In 1848 the first timber crib dam, about 1000 ft in length, was constructed across the Connecticut River to divert water into the canals. It failed within hours, and was replaced by a second timber dam, which in turn was replaced in 1900 by a granite-faced dam about 150 ft downstream from its predecessor. The early canals were dug by men with picks and shovels, together with horse-drawn teams. Canal construction continued on and off until 1892.

In 1859, after the company had failed and had passed into receivership, Alfred Smith purchased at auction its hydraulic system, consisting of the dam, its gate houses, and 2.5 mi of power canals with a boat lock; some 1100 acre of land in Holyoke containing mills and other buildings; and the public water supply reservoir and gas plant, each with a distribution system.
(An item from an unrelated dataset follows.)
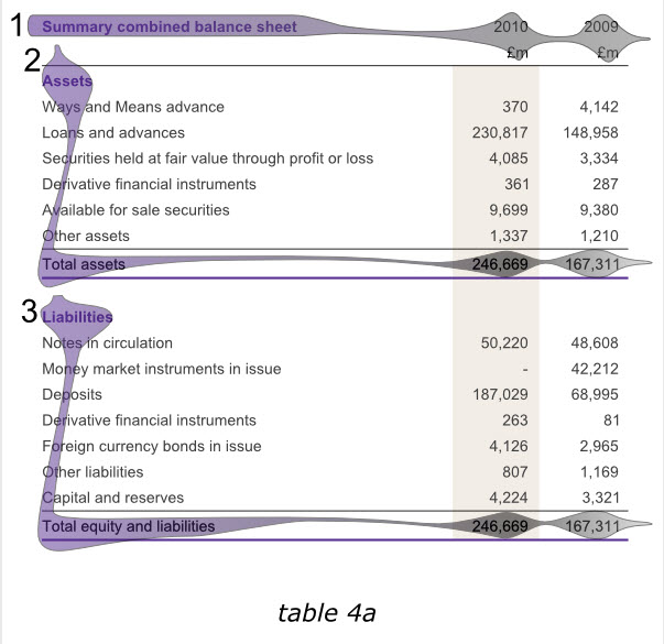 下面的英格蘭銀行2010年年報的一組信息被分成了兩個表格,但仍然體現(xiàn)為一個整體。紫色的表頭清晰的給出了標(biāo)題,標(biāo)題行僅用了一次表頭(2009、2010)和單位(英鎊)。兩個表格采用同種顏色加粗的字體作為標(biāo)題,清晰而相互獨立。兩表各自的最后一行也采用了同樣顏色的下劃線。

He formed the Holyoke Water Power Company and sold stock to investors. Over the next 30 years the company flourished, as a number of large mills were built in the area. Energy was transmitted from the waterwheels to mills via a distribution system of gears, shafts, pulleys, and belts. The canals first produced municipal electricity on October 14, 1884, from an electric generator connected to a water wheel–driven shafting in an industrial building. In 1888 this was replaced by a combination hydro and steam electric power plant on the First Level Canal.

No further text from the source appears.